Межеевский все расставил, как ему было указано, и в каждый бокал налил коньяка. Профессор с помощью полковника придвинул к карточному столику кресла и положил на зеленое сукно две колоды карт, стремясь максимально восстановить обстановку той трагической субботы.
– Да, еще: женщины тогда пили ликер, а Эльжбета – красное вино, – напомнил Войцеховский.
– Можно и без ликеров. Ведь все женщины находились тогда в соседней комнате, а вот фужер с вином надо поставить.
– Не будем обижать наших милых дам. – Профессор налил в две высокие рюмки ликер, а в фужер – вино.
– Прошу всех сюда, – раздвинул поручик стену, перегораживающую комнату. – Будьте добры, займите свои места. Полковник Немирох заменит отсутствующего профессора Лепато.
Гости сели за стол. Ясенчак машинально принялся тасовать лежащую перед ним колоду карт.
– Теперь прошу внимания, – продолжал Межеевский. – Сейчас мы должны постараться воспроизвести с предельной точностью весь ход событий с того момента, когда профессор Войцеховский подошел к столику, чтобы успокоить спорящих. Я заменю покойного Лехновича. Он здесь стоял?
– Нет, – поправила Мариола Бовери, – немного левее. Между мной и полковником, то есть тогда – между мной и господином Лепато.
Межеевский подвинулся и встал на указанное место.
– А где была пани Войцеховская? – спросил полковник.
– Я стояла за спиной доктора Ясенчака, но не произнесла ни слова.
– Будьте добры, встаньте на то же самое место, – попросил Немирох.
Пани Эльжбета послушно выполнила его указание.
– А теперь кульминационный момент ссоры: адвокат вскакивает со своего места, прошу вас, пан Потурицкий, а я – Лехнович – со сжатыми кулаками подхожу к нему. Так все было?
– Так, – подтвердили все присутствующие.
– Хорошо. Включайтесь вы, пан профессор. Кстати, я думаю, монологи и реплики мы без необходимости воспроизводить не будем, только действия или когда без реплик не обойтись. Прошу вас.
Войцеховский, точно так же как в ту трагическую субботу, спросил у всех присутствующих, на какого цвета салфетках стоят их бокалы, и, подойдя к столику, стал их раздавать.

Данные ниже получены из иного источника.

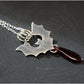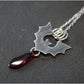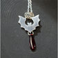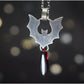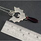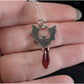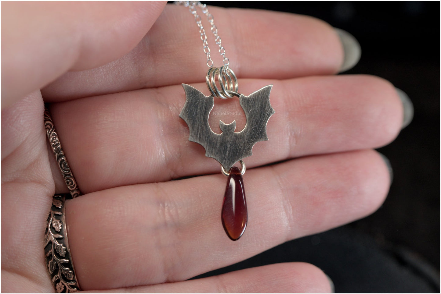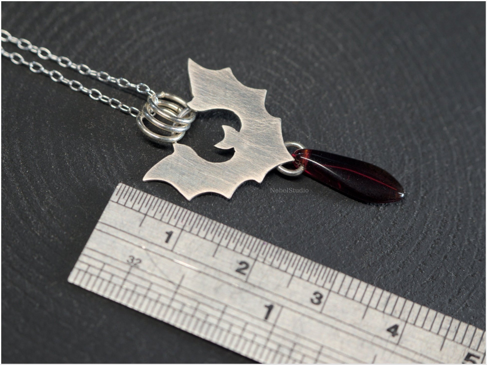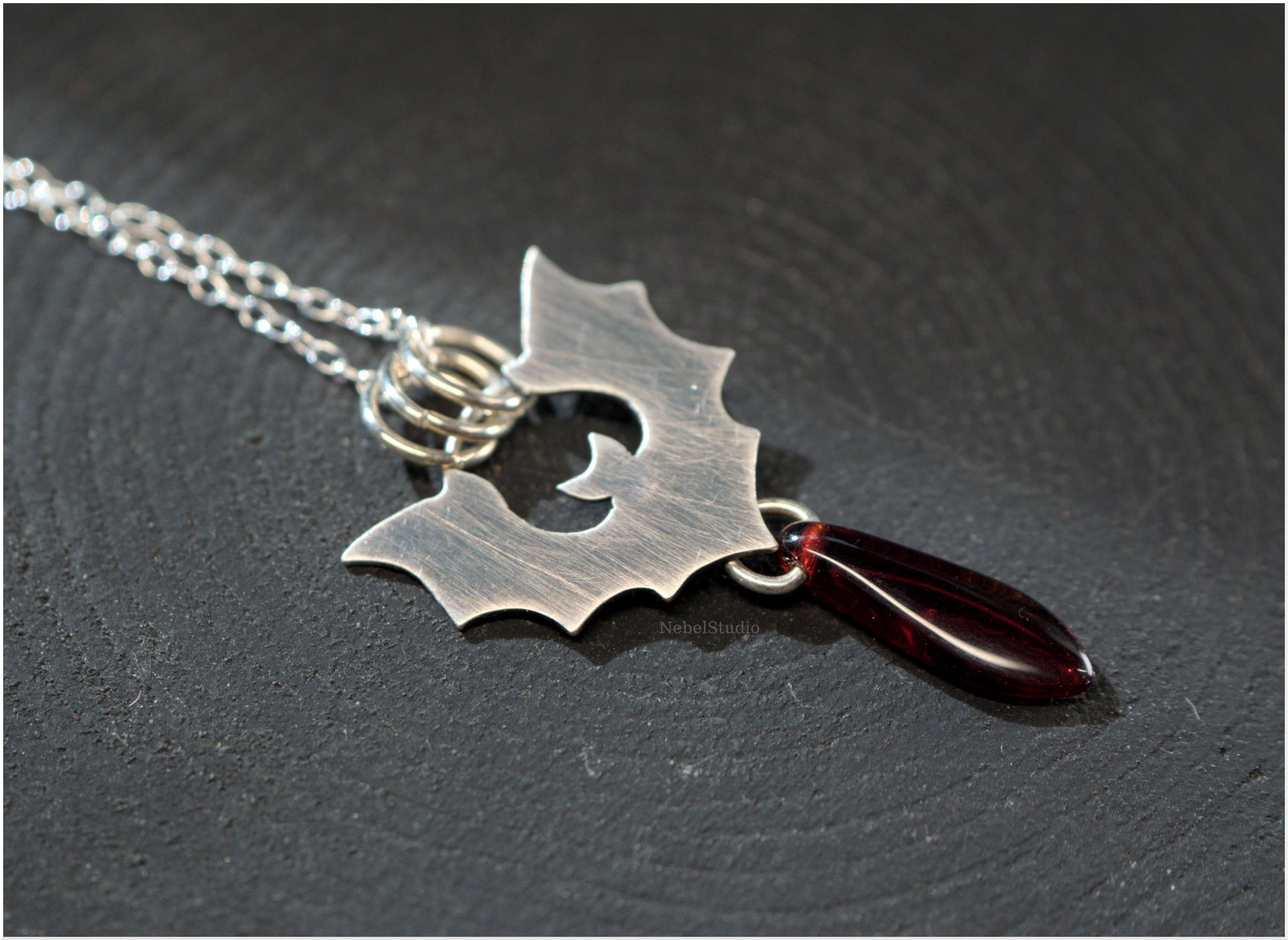 Bat-shaped pendant, openworked by hand in 925 sterling silver, with a matte finish and patina. It represents the silhouette of a bat with its wings open and pointing upwards. Attached to the thread that joins the wings, at the top, there are three rings to be able to pass the pendant through a chain or cord to hang it. From the bottom of the bat hangs an elongated drop of garnet-coloured Czech crystal.

– А твой, Стах? – включилась Эльжбета Войцеховская, воспроизводя свой вопрос, адресованный тогда Лехновичу.
– Голубой, – решительным тоном ответил поручик.
Хозяйка дома подошла к столику и вернулась с двумя бокалами в руках. В одной руке она держала бокал с вином, в другой – с коньяком. Коньяк она подала Межеевскому.
– Стоп! – воскликнул полковник.
Все вопросительно взглянули на Немироха.
– Сейчас прошу всех подойти к столику и посмотреть…
Все девять человек, собравшихся в комнате, окружили столик. Первой разобралась в ситуации Марио-ла Бовери:
– Но тут вообще нет салфетки голубого цвета, – воскликнула она удивленно. – Но зато здесь две розовых. А тогда – я хорошо помню – была одна голубая.